Mourning Catholic

cross-whitebackgroundFirst, let me make one thing clear. I am not religious. I never have been religious. I would, however, call myself somewhat seriously spiritual. With that said, when I was a child, I went to Catholic schools – grammar school, as we called it then, and high school – all girls, no less. In grammar school, we quivered under the rule of the nuns who were allowed to swat our knuckles with a ruler or make us stand in a corner of the classroom if we were “bad.” Today, a teacher would be sent to prison for rapping a child’s knuckles, we don’t “punish,” we offer “choices,” and we never use the word “bad.” To me these were not negative things. They were “cultural.” They were intrinsic to what it meant to be Catholic, part of a parish, part of a village.

I LOVED my Catholic education. I loved the honesty, integrity and grittiness of it. I loved the rituals, the Christmas pageants and the one year where I actually got to be the Virgin Mary. (Other years I was an angel, and one year even a lamb – that was in first grade.) I loved how we all prepared together for first confession, first Holy Communion, and Confirmation. I loved learning catechism, I loved singing in the church choir. I have one memory of practicing for the Christmas Mass. It was as snowy day and I had walked to the practice by myself. We were all up in the choir balcony, and as we sang the carols, I looked out at the softly falling snow and had one of those rare moments of pure peace and contentment.

That’s what my Catholic years were – they were full of peace and contentment. They were a wonderful antidote to the “stuff” in my family, ugly stuff, but at school, there was good stuff.  It was home. Indeed, it takes a village – that’s what my parish school and church experience was like.

Truthfully, I never believed any of what we were taught as truth. Nice stories, and symbolism, to be sure. A good spiritual base that carried me into adulthood. I got away from it all when I went to college and right on up until I had my own kids. I wanted them to have the same experiences, sans the schooling because by the time they were school age, the parish school was a thing of the past.  But still, once again, we had that family, that village that surrounded us no matter what. And always there was the warmth and comfort of the rituals.

My kids grew older and so did I.I quit going to church, I quit being part of a parish village. I want it back.I want that feeling of family and home. I want the village, only it’s not there. I am in mourning.

Oh, there are Catholic churches around, and there’s even one two blocks away. But it’s not a simple neighborhood church anymore. It’s now part of a “conglomerate” of four other parishes, all tethered together now because of the falling numbers of priests. Every Saturday afternoon I think of going, but I shake my head in near despair as I ponder a shifting sand of people attending any one Mass at any one time.

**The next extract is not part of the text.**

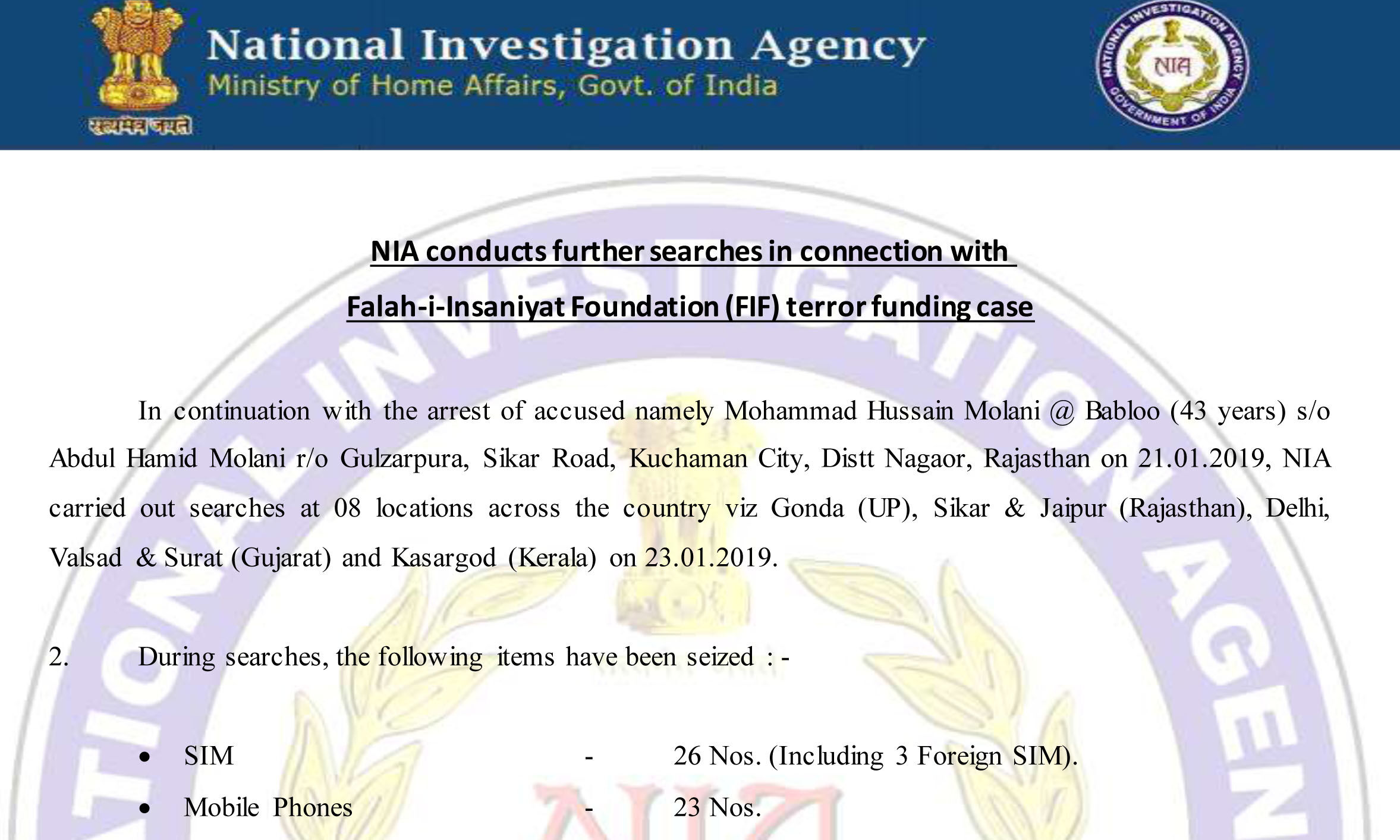 കഴിഞ്ഞ ദിവസം രാജസ്ഥാനിലെ നാഗൂര് ജില്ലയില് കുച്ചമന് സിറ്റി ശിക്കാര് റോഡിലെ ഗുല്സാര്പുര മുഹമ്മദ് ഹുസയ്ന് മൊലാനി എന്ന ബബ്ലു(43)വിനെ എന്ഐഎ അറസ്റ്റ് ചെയ്തിരുന്നു. പാകിസ്താനിലെ ലഷ്കറെ ത്വയ്യിബയുടെ പോഷക സംഘടനയെന്നു വിശേഷിപ്പിക്കുന്ന ജമാഅത്തു ദ്ദഅ്വയുമായി ബന്ധമുള്ള ഫലാഹ് ഇന്സാനിയത് ഫൗണ്ടേഷന് എന്ന സംഘടനയ്ക്കു വേണ്ടിയാണ് ഇവര് രാജ്യത്തെ വിവിധ സ്ഥലങ്ങളില് ഫണ്ട് ശേഖരിച്ചതെന്നാണ് എന്ഐഎ ആരോപിക്കുന്നത്. മുംബൈ ആക്രമണത്തിലുള്പ്പെടെ പങ്കുണ്ടെന്ന് ഇന്ത്യ ആരോപിക്കുന്നയാളാണ് ഹാഫിസ് സഈദ്. പിടിയിലായയാളില്നിന്നു ലഭിച്ച വിവരത്തിന്റെ അടിസ്ഥാനത്തിലാണ് പരിശോധനയെന്നാണു എന്ഐഎ പറയുന്നത്.

This is not what I want. This is not what I need.

It takes a village. Who burned mine down?

Author: madmuser

A butcher, a baker, a candlestick maker, and a few things in between. And so that road less traveled has brought me here to follow my dream and my muse.

5 thoughts on “Mourning Catholic”

  1. I am glad for your experience, and sorry that you haven’t found the equivalent now. Lots of us didn’t have that same experience and so part of me isn’t surprised (or unhappy) with the state of the Catholic church these days.

    1. I know, Anna. I was lucky. As I got older, I still cherished the rituals and the village experience, but true value was determined by the resident priest. Today we have one priest serving 3 or 4 parishes which makes the whole thing feel very impersonal.

  2. I have many similar memories, but without the knuckle-wrapping even, and I, too, have been thinking about community and how to find the kind of community I seek. – Maybe, I’ll blog about it… ~Much light and peace to you on your journey!

    1. I don’t know how to find that community, either. Sometimes I think of other denominations, but I come right back to wanting my rituals and my village.